For this project we are using a Kidde 7CO Carbon Monoxide Alarm. We have chosen this device because we like its looks, it has a 10-year warranty and is reasonably priced at around £15. It is also nice and compact (115mm × 70mm × 35mm) and comes with a nice wall mounting plate. It also comes with batteries.


Optically isolated input board
The plan is to connect this CO sensor to our Home Control System (HCS) using our generic optically isolated input board. This approach also provides a 12V dc power feed to the alarm.
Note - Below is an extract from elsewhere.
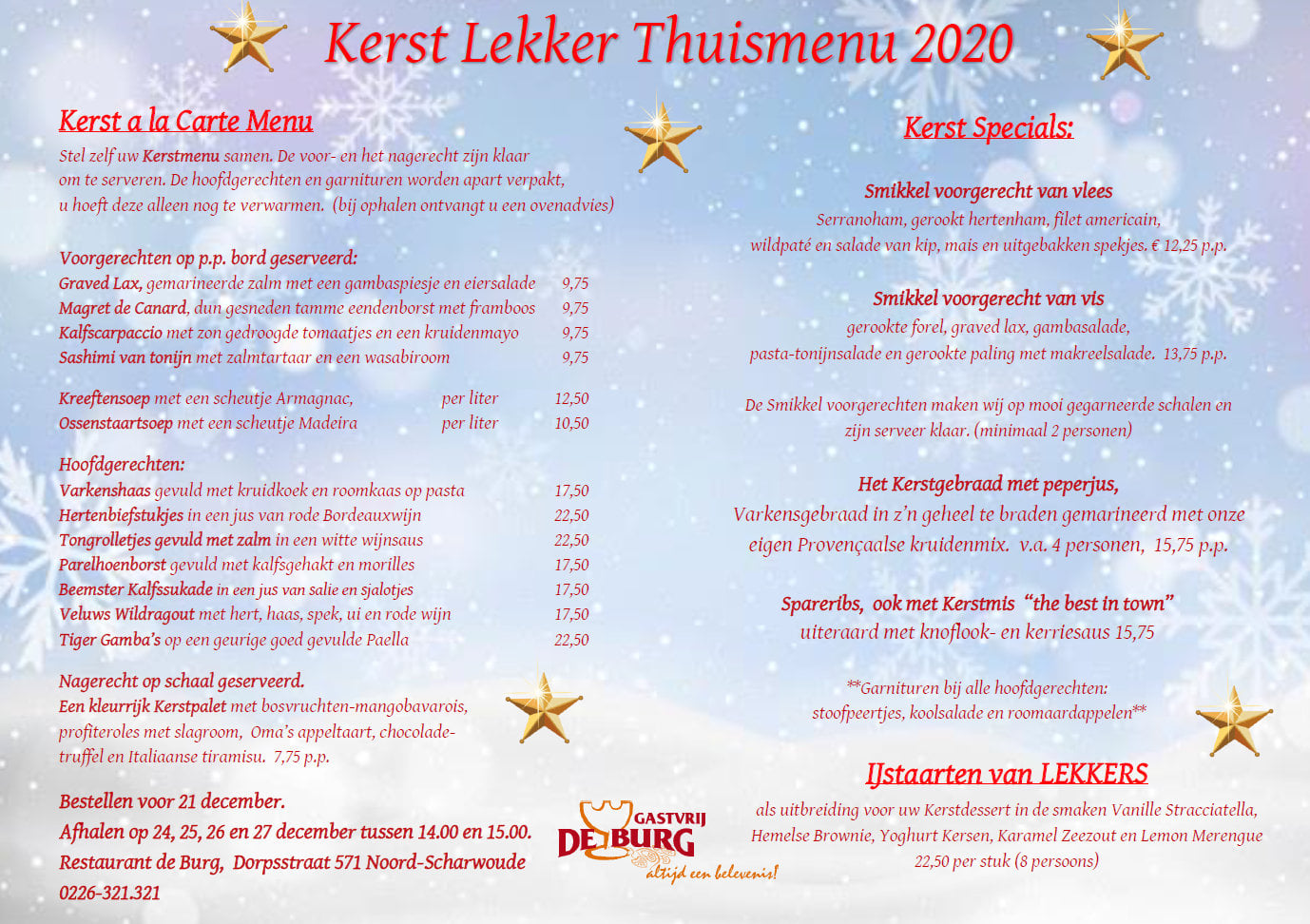 U kunt bestellen voor 24- 25- 26 en 27 december dus 4 dagen feest!! Bel 0226-321.321 of mail naar ton@deburg.nl

Note: This next bit will invalidate the warranty on the device!

Case opened
There are four clips holding the front and back of the case together. To open it you first need to cut through the sticker wiht the manufacturing date on the side. This will invalidate the warranty but we are not worried about warranties on such cheap devices.

There is a pin that holds three battery springs in place and we have removed the pin and these spring clips as we no longer need them.

Mounting plate
The back battery cover is also the mounting plate.

Circuit board front
Front view of the circuit board, clearly showing the battery connection points. The LED on the left is the red alarm LED and we are taking our signal feed from the anode of this LED.

Circuit board back
The rear view of the circuit board. We are going to solder a very fine wire to the LED anode on the back of the circuit board. We are also soldering fine wires to the battery clip points.

So we have three fine wires leading off of the circuit board: red = +5V, black = ground, blue = signal. These will then feed into a tiny circuit board with the regulator and transistor to convert the LED signal to a 12V dc signal. This circuit board sits in the battery compartment, so that the device can be mounted flush onto a surface and the wires will be out of sight.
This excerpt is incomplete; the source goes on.